PE-301g · Module 1
Territory Value Quantification
3 min read
Every territory has a quantifiable value — the total revenue opportunity available to the rep who owns it. Territory value is not the same as territory size. A territory with 500 accounts in a low-density industry is worth less than a territory with 200 accounts in a high-density industry where average deal sizes are 3x larger. Territory scoring assigns a value to each territory based on the number of accounts, their firmographic fit, their historical conversion patterns, and the available whitespace.
- Account Potential Scoring Score every account in the territory on its potential value: company size, industry, technology stack, and historical deal data (if any). Each account gets a potential value based on what similar accounts have generated in revenue. The sum of account potentials is the territory's raw value.
- Penetration Adjustment Adjust for current penetration. A territory with 200 accounts where 150 are already customers has less available opportunity than one with 200 accounts and 20 customers.

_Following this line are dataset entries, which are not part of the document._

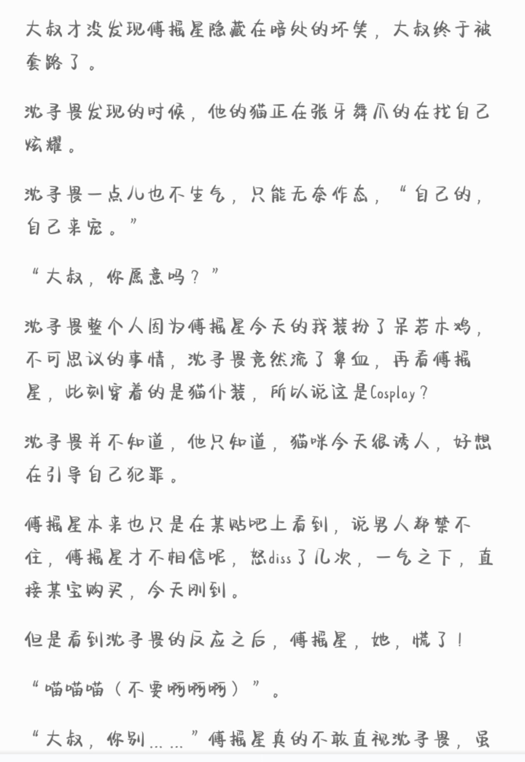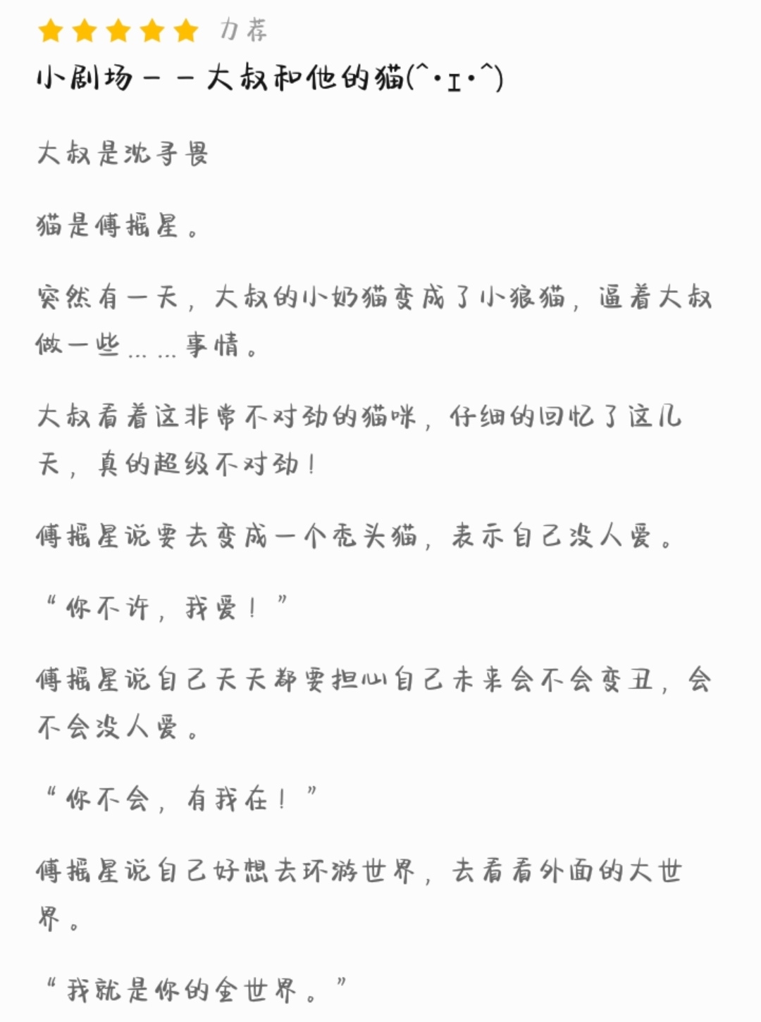 The uncle is Shen Xunwei The cat is Fu Yaoxing. Suddenly one day, the uncle's little milk cat turned into a little wolf cat, forcing the uncle to do some... Things. The uncle looked at this very strange cat and carefully recalled the past few days. Something was really wrong! Fu Yaoxing said he wanted to turn into a bald cat to show that no one loved him. "You don't allow it, I love you!" Fu Yaoxing said that he worries every day whether he will become ugly in the future and whether he will be unloved. "You can't, I'm here!" Fu Yaoxing said that he really wanted to travel around the world and see the big world outside. "I am your world." The uncle didn't notice Fu Yaoxing's evil smile hidden in the dark. The uncle was finally tricked. When Shen Xunwei found out, his cat was showing off to him with all its teeth and claws. Shen Xunwei was not angry at all and could only pretend, "It's yours, you can pamper it yourself." "Uncle, are you willing?"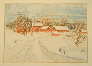 A photograph of four Pacific University students posed around a snowman, after a recent snowfall. The bottom of the snowman has the message 'In Memory Our Boy Bill'. This picture appears in an album that was compiled by Greta McIntyre Sheeley, a 1920 Pacific University graduate.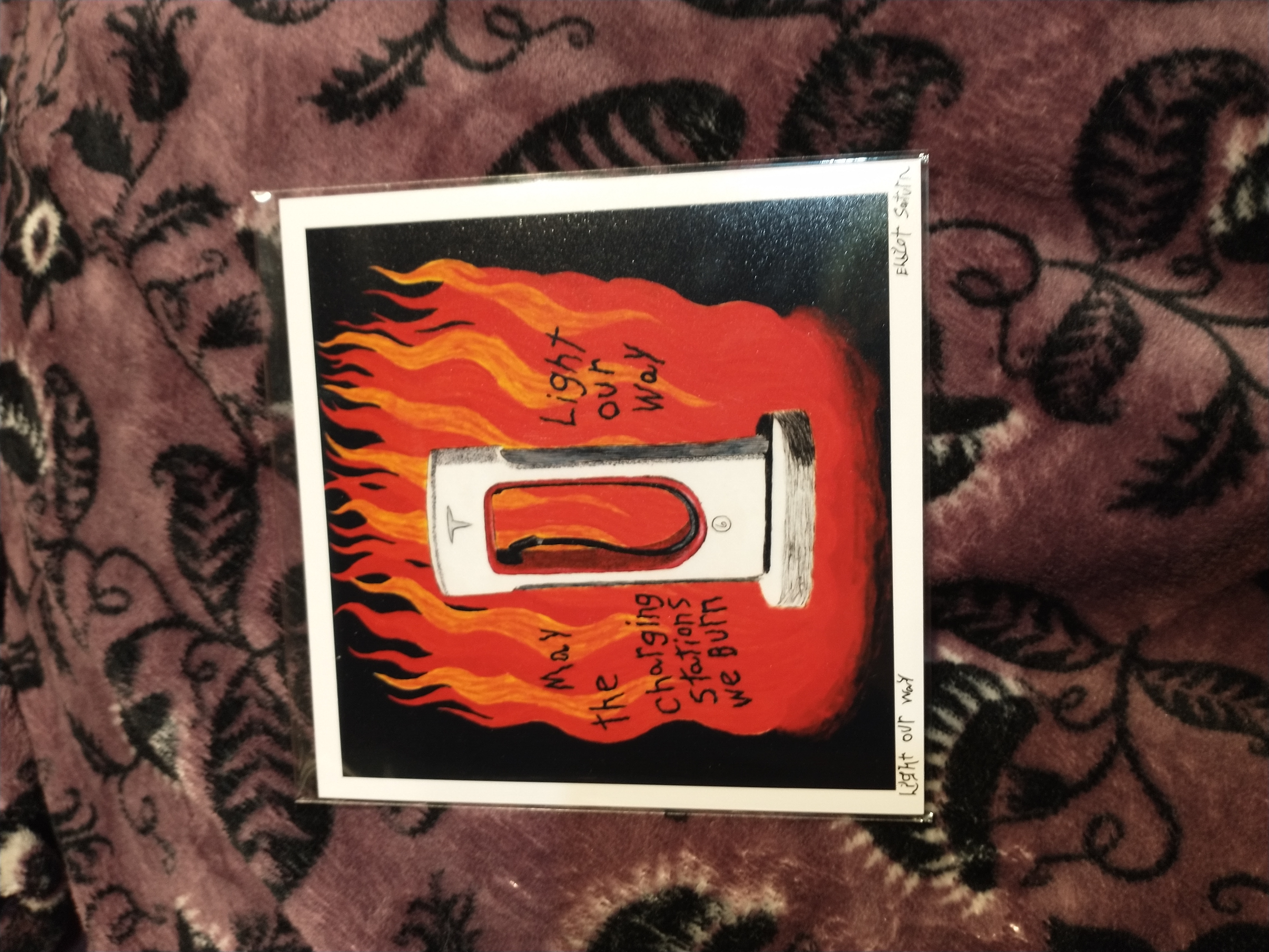 a 5 inch by 5 inch photo paper print of a watercolor painting of a Tesla charging station burning with the text "may the charging stations we burn light our way"

Available value = total potential minus existing revenue. This focuses the territory score on what the rep can actually sell, not what the territory has already generated.
- Conversion History Weighting Territories with a history of strong conversion (previous reps performed well in the territory) get a higher weight than territories with poor conversion history. Some territories are inherently harder — remote geographies, saturated markets, or industries where your product has low fit. Historical conversion data surfaces these structural differences.